The landscape includes sand dunes, canyons and mountain ranges all of which are synonymous with Namibia. The coast has scores of shipwrecks, some are barely recognizable, other are still in remarkably good condition. Perhaps these tragedies were meant to happen, as the wrecks provide excellent environments for Cape fur seals, living side by side with seabird colonies, offering unequaled maritime photographic opportunities. Some wrecks of note are the Dunedin Star Islander, Suiderkus, Sir Charles Elliot and Kaio Maru. The Seal and Luanda can be seen near Toscanini and the Atlantic Pride lies near Torra Bay. The best way to view these shipwrecks, are by fly-in safari.

 

The Skeleton Coast has a great variety of species , large mammals include Namibia’s desert-adapted elephant, black rhino, lion, cheetah, giraffe, gemsbok, zebra, springbok and spotted and brown hyena. Also see here are the Gerrhosaurus skoogi, an armour-plated lizard found in the sand-dunes searching the vegetation for Nara melon bushes.

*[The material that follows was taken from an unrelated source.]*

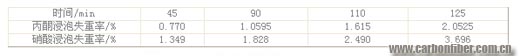 采用丙酮、硝酸作為溶劑進(jìn)行浸泡,不同濃度條件下,碳纖維浸泡后的失重率見表2。
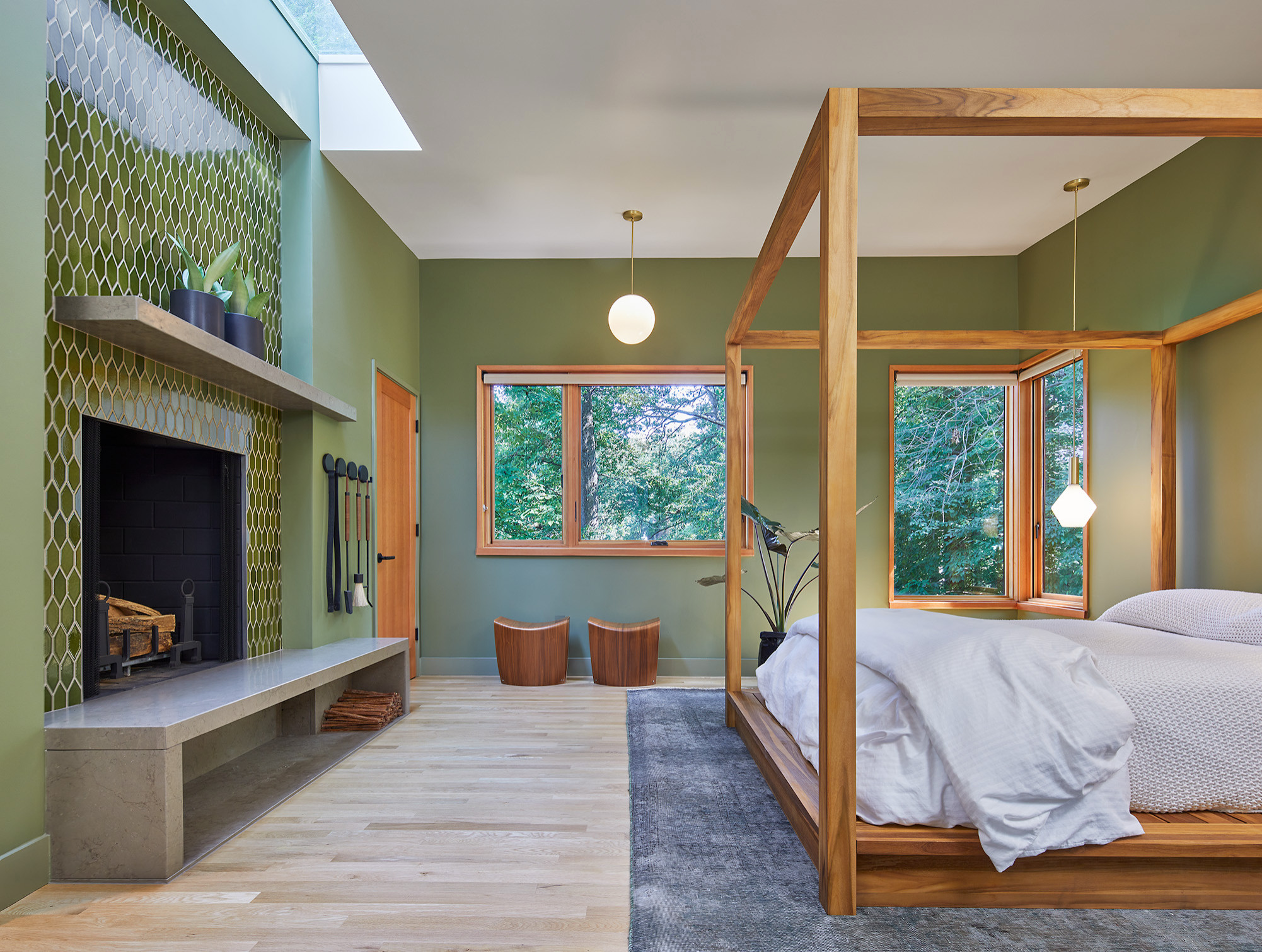 Other special features. Green walls (Avocado by Sherwin-Williams). Stained wood windows, doors and trim. The hearth is honed Lagos Azul limestone.

This large reptile can measure up to 30 centimetres long and can weigh up to 120gms.

 

At the mouth of the Kunene River you will find the long green turtle. and the the only Southern African population of Nile soft-shelled turtles, which have large, long necks.

 

As many as 247 species of birds have been recorded in the Skeleton Coast Park, including the near endemic Damara Tern, which nests and breeds on the gravel plains adjacent to the coast.

The fishing along the Skeleton Coast is spectacular especially in December.